And so what we found
is that by analyzing these artifacts,

we can actually recover sound
using a modified version of our algorithm.

So here’s an experiment we did

where we filmed a bag of candy

while a nearby loudspeaker played

the same “Mary Had a Little Lamb”
music from before,

but this time, we used just a regular
store-bought camera,

and so in a second, I’ll play for you
the sound that we recovered,

and it’s going to sound
distorted this time,

but listen and see if you can still
recognize the music.

(Audio: “Mary Had a Little Lamb”)

And so, again, that sounds distorted,

but what’s really amazing here
is that we were able to do this

with something
that you could literally run out

and pick up at a Best Buy.

So at this point,

a lot of people see this work,

and they immediately think
about surveillance.

And to be fair,

it’s not hard to imagine how you might use
this technology to spy on someone.

But keep in mind that there’s already
a lot of very mature technology

out there for surveillance.

In fact, people have been using lasers

to eavesdrop on objects
from a distance for decades.

But what’s really new here,

what’s really different,

is that now we have a way
to picture the vibrations of an object,

which gives us a new lens
through which to look at the world,

and we can use that lens

to learn not just about forces like sound
that cause an object to vibrate,

but also about the object itself.

And so I want to take a step back

and think about how that might change
the ways that we use video,

because we usually use video
to look at things,

and I’ve just shown you how we can use it

to listen to things.

But there’s another important way
that we learn about the world:

that’s by interacting with it.

We push and pull and poke and prod things.

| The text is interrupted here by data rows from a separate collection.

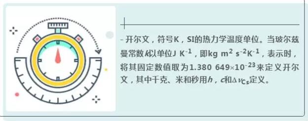 - 開爾文,符號K,SI的熱力學(xué)溫度單位。當(dāng)玻爾茲曼常數(shù)k以單位J K-1,即kg m2 s-2K-1,表示時,將其固定數(shù)值取為1.380 649′10-23來定義開爾文,其中千克、米和秒用h,c和DnCs定義。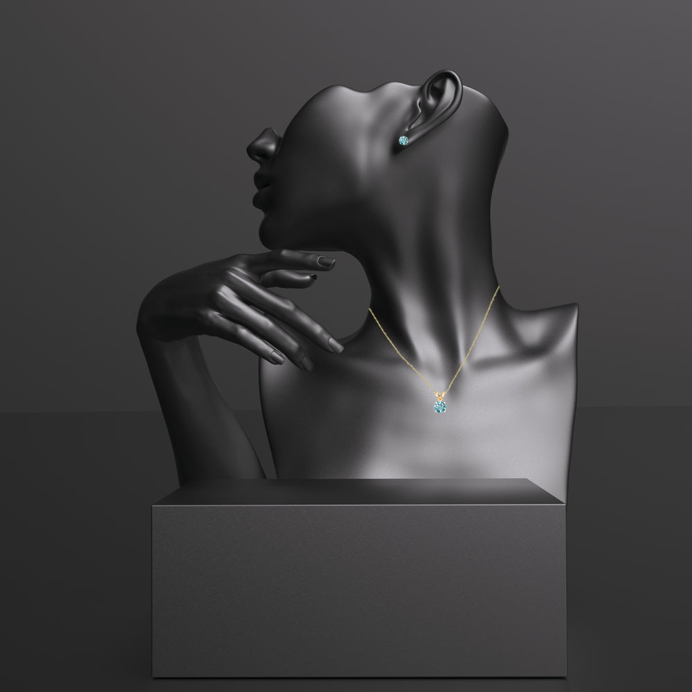 18K Yellow Gold 4ct Created Aquamarine CZ Round 18 Inch Necklace and Earrings Set PlatedNecklace come elegantly gift boxed. This is amazing fashion style jewelry designed in France. Metal: Yellow Gold Plated Gem type: Created Aquamarine CZ Stone shape: Round Stone weight: 4 Carat Stone color: Aquamarine Setting: Prong Setting Number of stone: 2 Cut Grade: Excellent Country of Origin: United States Aquamarine is not only the birthstone for March, but the gem is also given as a present on the 19th wedding anniversary....- Regular price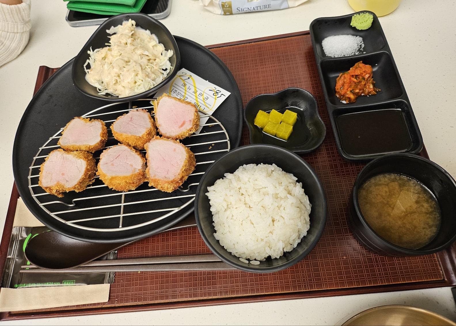 쌍둥이들은 '시키카츠'에서 히레카스를 골랐어요. 부드럽고 바삭한 고기 식감에 아이들이 정말 잘 먹더라고요. 밥을 남기지 않고 다 먹는 걸 보니 얼마나 맛있었는지 느껴졌죠.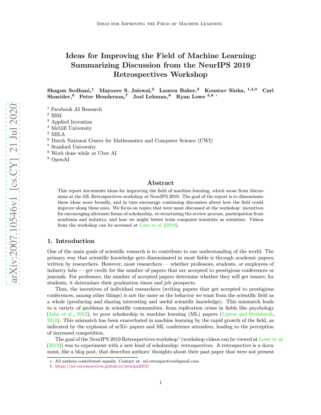 This report documents ideas for improving the field of machine learning, which arose from discussions at the ML Retrospectives workshop at NeurIPS 2019. The goal of the report is to disseminate these ideas more broadly, and in turn encourage continuing discussion about how the field could improve along these axes. We focus on topics that were most discussed at the workshop: incentives for encouraging alternate forms of scholarship, re-structuring the review process, participation from academia and industry, and how we might better train computer scientists as scientists. Videos from the workshop can be accessed at https://slideslive.com/neurips/west-114-115-retrospectives-a-venue-for-selfreflection-in-ml-research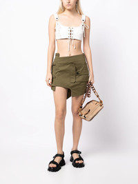 asymmetric cargo-wrap mini skirt olive green asymmetric design side cargo pocket wrap design low-rise Made in United States Composition Fabric 100% SIZE & FIT Model measurements Height 5 ft 9 in(1.76 m) Bust/Chest 31.1 in(79 cm) Hips 35.03 in(89 cm) Waist 24.4 in(62 cm) FittingInformation This piece fits true to size. We recommend you get your regular size Designed to be fitted at the waist and hips, loose over the leg Made with a mid-weight fabric Washing instructions Dry Clean Only

We shake things and see what happens.

And that’s something that video
still won’t let us do,

at least not traditionally.

So I want to show you some new work,

and this is based on an idea I had
just a few months ago,

so this is actually the first time
I’ve shown it to a public audience.

And the basic idea is that we’re going
to use the vibrations in a video

to capture objects in a way
that will let us interact with them

and see how they react to us.

So here’s an object,

and in this case, it’s a wire figure
in the shape of a human,

and we’re going to film that object
with just a regular camera.

So there’s nothing special
about this camera.

In fact, I’ve actually done this
with my cell phone before.

But we do want to see the object vibrate,

so to make that happen,

we’re just going to bang a little bit
on the surface where it’s resting

while we record this video.

So that’s it: just five seconds
of regular video,

while we bang on this surface,

and we’re going to use
the vibrations in that video

to learn about the structural
and material properties of our object,

and we’re going to use that information
to create something new and interactive.

And so here’s what we’ve created.

And it looks like a regular image,

but this isn’t an image,
and it’s not a video,

because now I can take my mouse

and I can start interacting
with the object.

And so what you see here

is a simulation of how this object

would respond to new forces
that we’ve never seen before,

and we created it from just
five seconds of regular video.

(Applause)

And so this is a really powerful
way to look at the world,

because it lets us predict
how objects will respond

to new situations,

and you could imagine, for instance,
looking at an old bridge

and wondering what would happen,
how would that bridge hold up

if I were to drive my car across it.

And that’s a question
that you probably want to answer

before you start driving
across that bridge.

And of course, there are going to be
limitations to this technique,

just like there were
with the visual microphone,

but we found that it works
in a lot of situations

that you might not expect,

especially if you give it longer videos.

So for example,
here’s a video that I captured

of a bush outside of my apartment,

and I didn’t do anything to this bush,

but by capturing a minute-long video,

a gentle breeze caused enough vibrations

that we could learn enough about this bush
to create this simulation.

(Applause)

And so you could imagine giving this
to a film director,

and letting him control, say,

the strength and direction of wind
in a shot after it’s been recorded.

Or, in this case, we pointed our camera
at a hanging curtain,

and you can’t even see
any motion in this video,

but by recording a two-minute-long video,

natural air currents in this room

created enough subtle,
imperceptible motions and vibrations

that we could learn enough
to create this simulation.

And ironically,

we’re kind of used to having
this kind of interactivity

when it comes to virtual objects,

when it comes to video games
and 3D models,

but to be able to capture this information
from real objects in the real world

using just simple, regular video,

is something new that has
a lot of potential.

So here are the amazing people
who worked with me on these projects.

(Applause)

And what I’ve shown you today
is only the beginning.

We’ve just started to scratch the surface

of what you can do
with this kind of imaging,

because it gives us a new way

to capture our surroundings
with common, accessible technology.

And so looking to the future,

it’s going to be
really exciting to explore

what this can tell us about the world.

Thank you.

(Applause)